Le texte comporte des éléments qui l’inscrivent dans la modernité :

– les filles vont au bal et flirtent

– aiguilles à tricoter, jeux de cartes, l’orchestre, les belles reliures, « les antiquaires de Thèbes » = des ANACHRONISMES qui créent une certaine fantaisie. Ces anachronismes cherchent aussi à établir une certaine complicité avec le public. Enfin ils permettent de peindre les personnages par métonymie ; le tricot désigne Eurydice, les voitures et les bars Polynice

– on peut parler d’une contamination entre les époques.

– Rien dans le décor n’évoque la Thèbes antique

On perçoit également des écarts dans le style, le niveau de langue souvent proche de l’oral et familier :

– pas de style sublime propre à la tragédie mais recherche d’un langage plus courant

– multiplication des présentatifs

– phrases non verbales comme « Voilà » p 9

– termes comme « noiraude »

– anaphores

– lexique simple « Mais il n’y a rien à faire »/ « il a été trouver Antigone »

Mais cette modernité n’a pas seulement pour vocation de réactualiser le mythe. Elle permet aussi d’introduire une forme de comique au sein de la tragédie. Ce mélange des genres était impensable au XVII° mais possible dans la tragédie grecque.

Ces écarts sont donc signifiants : ils invitent le public qui connaît le mythe, l’hypotexte, à les repérer puis à réfléchir à leur signification.

B – La dimension métapoétique du prologue :

Un monologue = d’ordinaire une longue réplique que le personnage se tient à lui-même ou au public (moi locuteur/ moi écouteur). Il est souvent considéré comme antidramatique parce qu’il est invraisemblable et statique. Il révèle aussi souvent le caractère artificiel du théâtre et les conventions du jeu théâtral. L’art du dramaturge consiste alors à le rendre le plus naturel possible. Anouilh fait ici précisément l’inverse : il exhibe l’artifice afin de proposer une réflexion métapoétique.

– En évoquant de façon aussi nette le mythe il rend hommage à Sophocle. On peut voir une image de l’hypotexte dans la mention des « belles reliures » et des « livres » que chérit Créon. Il s’agit d’une forme de mise en abyme du texte qui souligne l’universalité d’un tel mythe littéraire et surtout sa pérennité. Le mythe traverse les siècles.

– Les anachronismes et le travail sur la modernité viennent alors rappeler que les différentes réécritures chargent aussi le mythe de significations nouvelles

– L‘insistance sur le monde du théâtre, le jeu dramatique constitue aussi un hommage au théâtre

– L’effet de théâtre dans le théâtre expose les intentions dramaturgiques d’Anouilh : il ne s’agit pas de créer l’illusion dramatique mais bien de l’exhiber. Le théâtre reste un artifice (insistance sur les verbes comme « jouer »). Cet artifice est également souligné par la modification de l’éclairage mentionné dans les didascalies p 13. Ses lumières opèrent comme un second lever de rideau. « une aube grise et livide » souligne l’artifice de cette tragédie dans laquelle le spectateur est alors conduit.

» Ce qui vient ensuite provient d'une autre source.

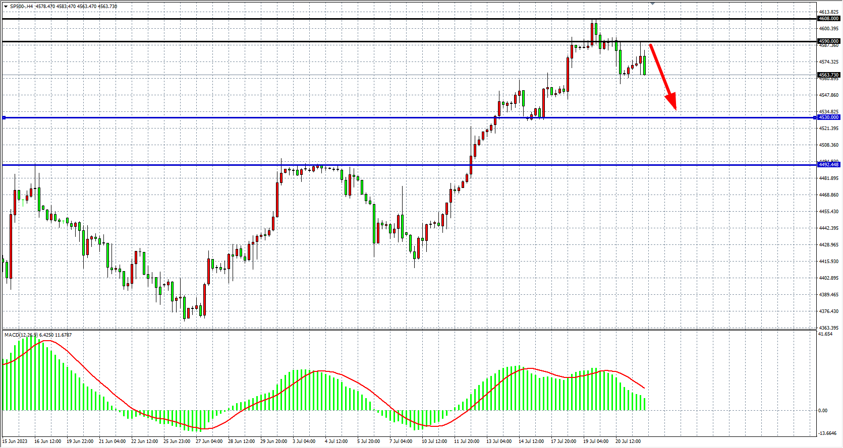 4小时图看,标普高位受阻回落延续,MACD量能在零轴上继续缩量,回调尚未结束,支撑关注4530-4500附近,阻力4590-4608。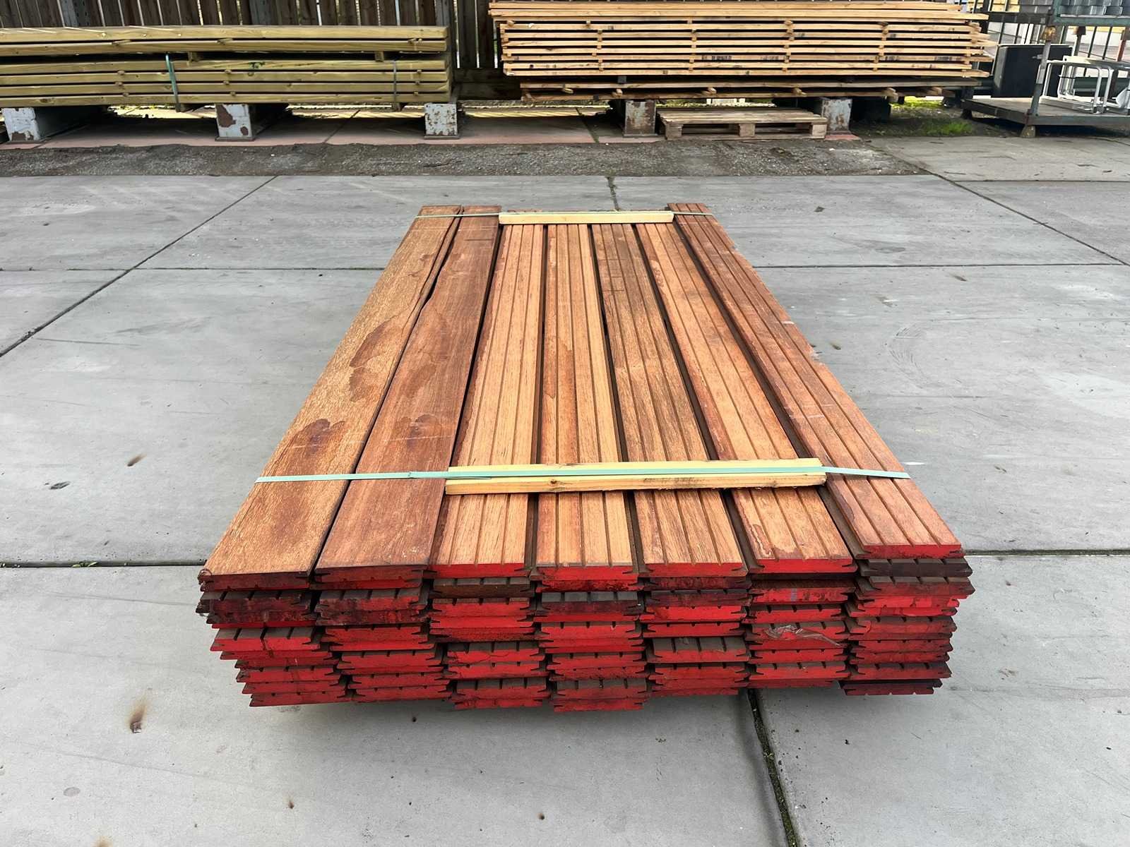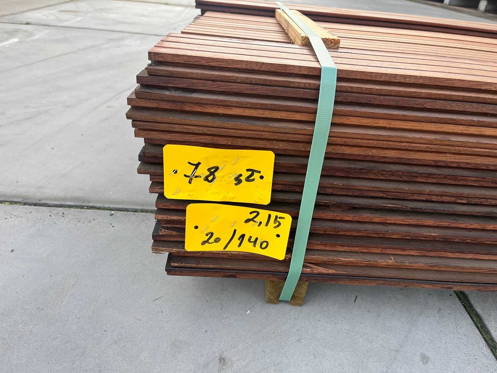 D-Deck terrasplanken Merbau te gebruiken voor het bekleden van een tuinterras. Dit lot bestaat uit een pakket van 78 stuks met lengte 2,15m en breedte 140mm en dikte 20mm. Nee Merk: D-Deck Houtsoort: Merbau Materiaal: Hout Lengte: 215cm Breedte: 140mm Hoogte: 20mm Kleur: bruin

– Enfin ce prologue amorce une réflexion sur le tragique qui va se poursuivre tout au long de la pièce. Nous avons vu que ce prologue renseignait le public sur la nature tragique de la pièce. Mais une telle insistance assortie de l’intrusion d’éléments comiques tend à remettre en question le pathétique présent dans la tragédie ainsi que le caractère sublime de l’action du héros tragique. Cela vaut-il la peine ? Pour ce faire Anouilh confronte ce destin funeste à leur amour pour la vie. Ex : Antigone p 9 « « elle pense (…) qu’elle aussi, elle aurait aimé vivre ».

Conclusion :

Anouilh réintroduit donc le prologue au théâtre mais le renouvelle. Il en fait le lieu de l’exposition. Mais il ne s’agit pas seulement de faciliter l’entrée du spectateur dans la pièce. Il s’agit aussi de le conduire à une réflexion sur la nature du théâtre et du tragique. Le théâtre ne vise pas seulement à montrer des actions, à mimer plus ou moins la réalité, il peut aussi exposer des idées et s’exposer.